The story starts off on a despairing note (the protagonist Theo losing his mother in an explosion) and things don’t get much better for the young boy as it continues (his estranged, alcoholic father insists on reinserting himself into his life), but I wouldn’t say this is a ‘sad’ novel because it follows Theo throughout the first third of his life, so you get to see his ups and downs as he experiences them. Plus, I don’t like sad books, there’s enough depressing stuff on the radio, television, and internet, so if I can avoid a downer of a book, I definitely will, but Goldfinch (despite the low points) still has an uplifting message at the end, which Tartt will go into extreme detail about, so you have that to look forward to.
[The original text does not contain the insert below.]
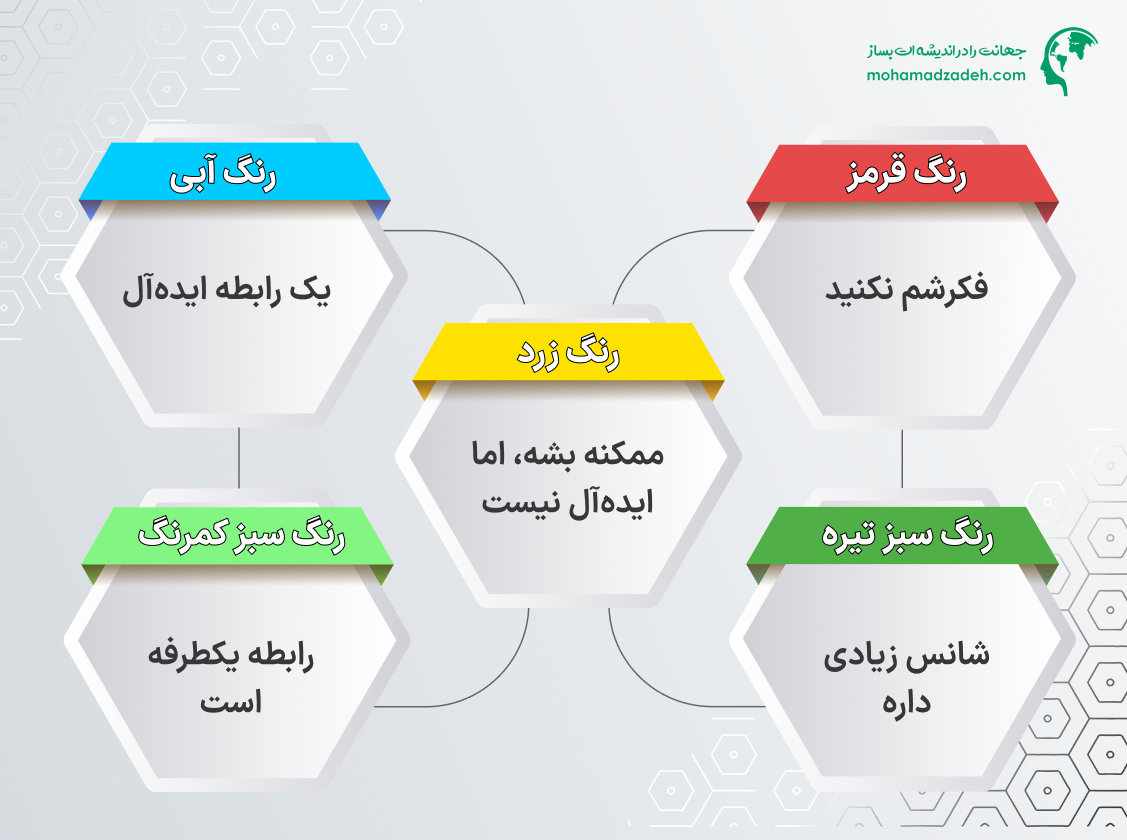 این رنگها به ترتیب، اولویت سازگاری شما با سایر تیپهای شخصیتی را مشخص میکند. البته باید توجه داشته باشید که این نمودار، فقط تایپها را براساس مکمل بودن دستهبندی کرده است، یعنی اگر شما درونگرا هستید، یک برونگرا مکمل شماست. ولی قطعا خیلی از افراد ترجیح میدهند با شخصی شبیه خودشان در ارتباط باشند، چون تفاهم و در صلح بودن با خود در رابطه حرف اول را میزند.

Before I end off this rambling mess of a blog post, I do want to mention how much I enjoyed the character Boris-keep your eyes out for him, he doesn’t show up until a couple hundred pages in, but he is an absolute delight to read about. Some reviewer or another mentions that he lights up every page, and this is a great way to describe him because he adds so much to the plot of the book, as well as Theo’s life in general. Maybe it’s my Ukrainian roots that are showing here, but the very ‘Russian-ness’ of Boris is a great dichotomy against Theo’s annoying New York-ness, and Boris’s Slavic tendencies (quick to temper, but can’t keep a grudge) prompt some very fascinating yet believable exchanges between the two characters.